Try it » A verbatim copy of the data is wanted, minus any picture in it.

Information provided »
-- Opening Marker --

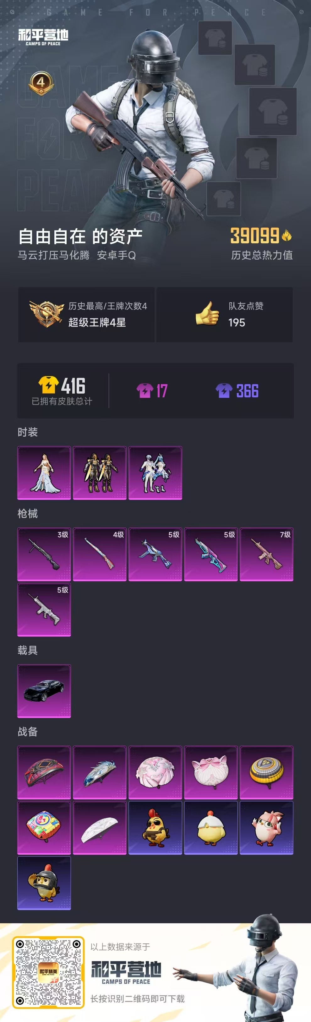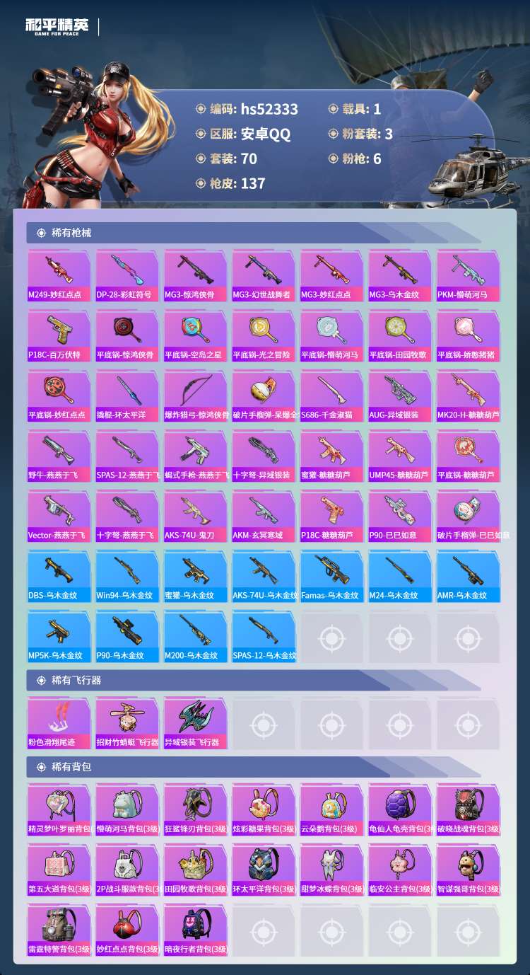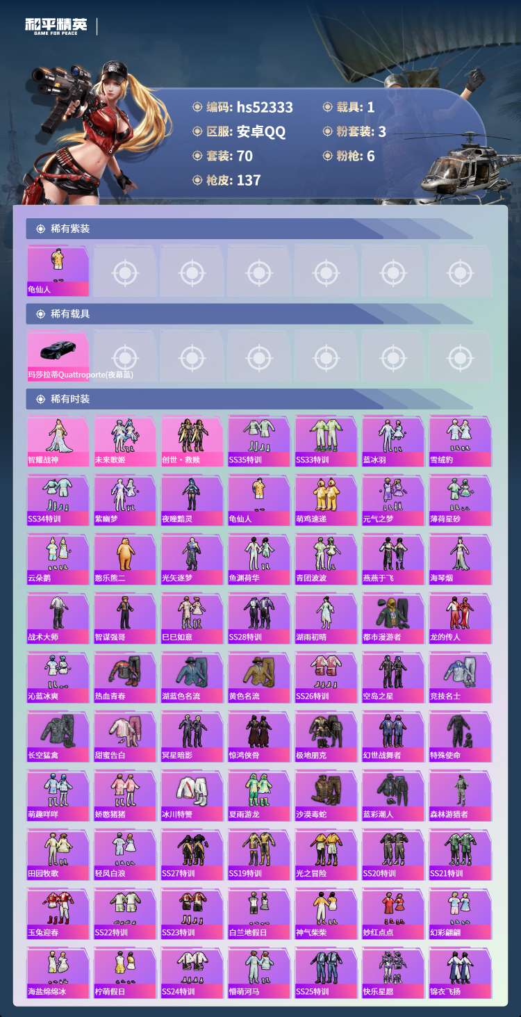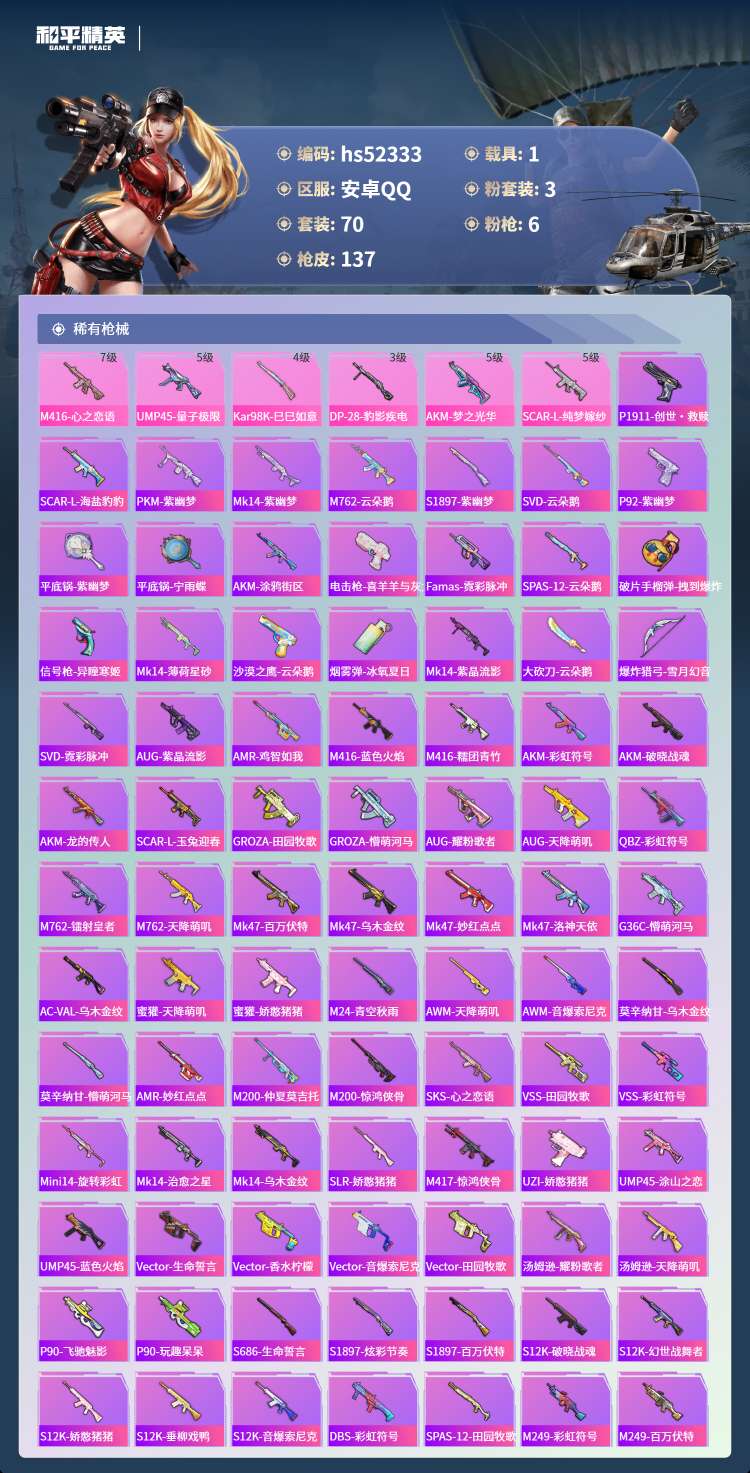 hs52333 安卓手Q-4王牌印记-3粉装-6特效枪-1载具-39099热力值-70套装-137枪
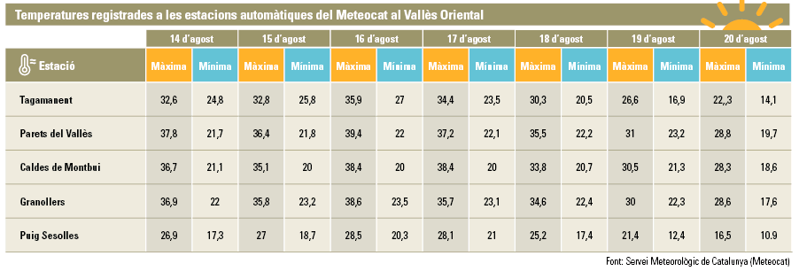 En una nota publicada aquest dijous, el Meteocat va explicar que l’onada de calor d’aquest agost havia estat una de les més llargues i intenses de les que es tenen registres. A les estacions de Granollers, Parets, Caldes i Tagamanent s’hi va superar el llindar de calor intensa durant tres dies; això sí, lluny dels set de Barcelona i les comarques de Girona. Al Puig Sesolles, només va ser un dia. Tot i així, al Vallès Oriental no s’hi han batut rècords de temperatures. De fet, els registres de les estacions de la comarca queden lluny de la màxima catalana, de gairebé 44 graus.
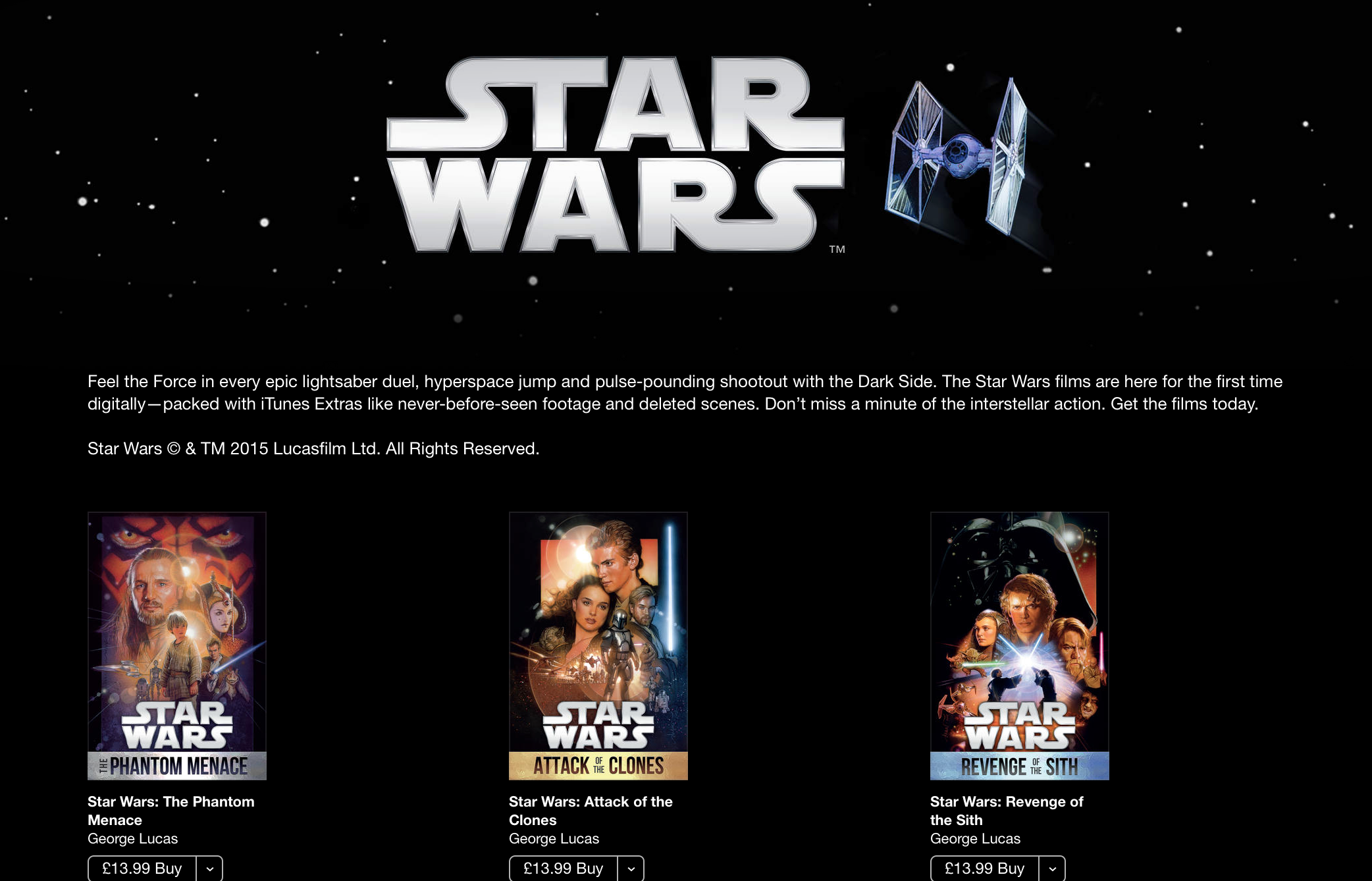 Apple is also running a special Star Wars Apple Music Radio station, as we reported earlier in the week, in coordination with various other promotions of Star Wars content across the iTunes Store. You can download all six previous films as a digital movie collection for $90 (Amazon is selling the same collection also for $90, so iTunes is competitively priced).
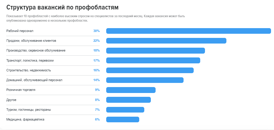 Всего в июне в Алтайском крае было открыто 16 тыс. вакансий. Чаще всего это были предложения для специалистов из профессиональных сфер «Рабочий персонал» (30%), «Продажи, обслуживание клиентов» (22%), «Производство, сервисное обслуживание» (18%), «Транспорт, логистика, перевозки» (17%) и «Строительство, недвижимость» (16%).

-- Closing Marker --

Expected answer »
 hs52333 安卓手Q-4王牌印记-3粉装-6特效枪-1载具-39099热力值-70套装-137枪
 En una nota publicada aquest dijous, el Meteocat va explicar que l’onada de calor d’aquest agost havia estat una de les més llargues i intenses de les que es tenen registres. A les estacions de Granollers, Parets, Caldes i Tagamanent s’hi va superar el llindar de calor intensa durant tres dies; això sí, lluny dels set de Barcelona i les comarques de Girona. Al Puig Sesolles, només va ser un dia. Tot i així, al Vallès Oriental no s’hi han batut rècords de temperatures. De fet, els registres de les estacions de la comarca queden lluny de la màxima catalana, de gairebé 44 graus.
 Apple is also running a special Star Wars Apple Music Radio station, as we reported earlier in the week, in coordination with various other promotions of Star Wars content across the iTunes Store. You can download all six previous films as a digital movie collection for $90 (Amazon is selling the same collection also for $90, so iTunes is competitively priced).
 Всего в июне в Алтайском крае было открыто 16 тыс. вакансий. Чаще всего это были предложения для специалистов из профессиональных сфер «Рабочий персонал» (30%), «Продажи, обслуживание клиентов» (22%), «Производство, сервисное обслуживание» (18%), «Транспорт, логистика, перевозки» (17%) и «Строительство, недвижимость» (16%).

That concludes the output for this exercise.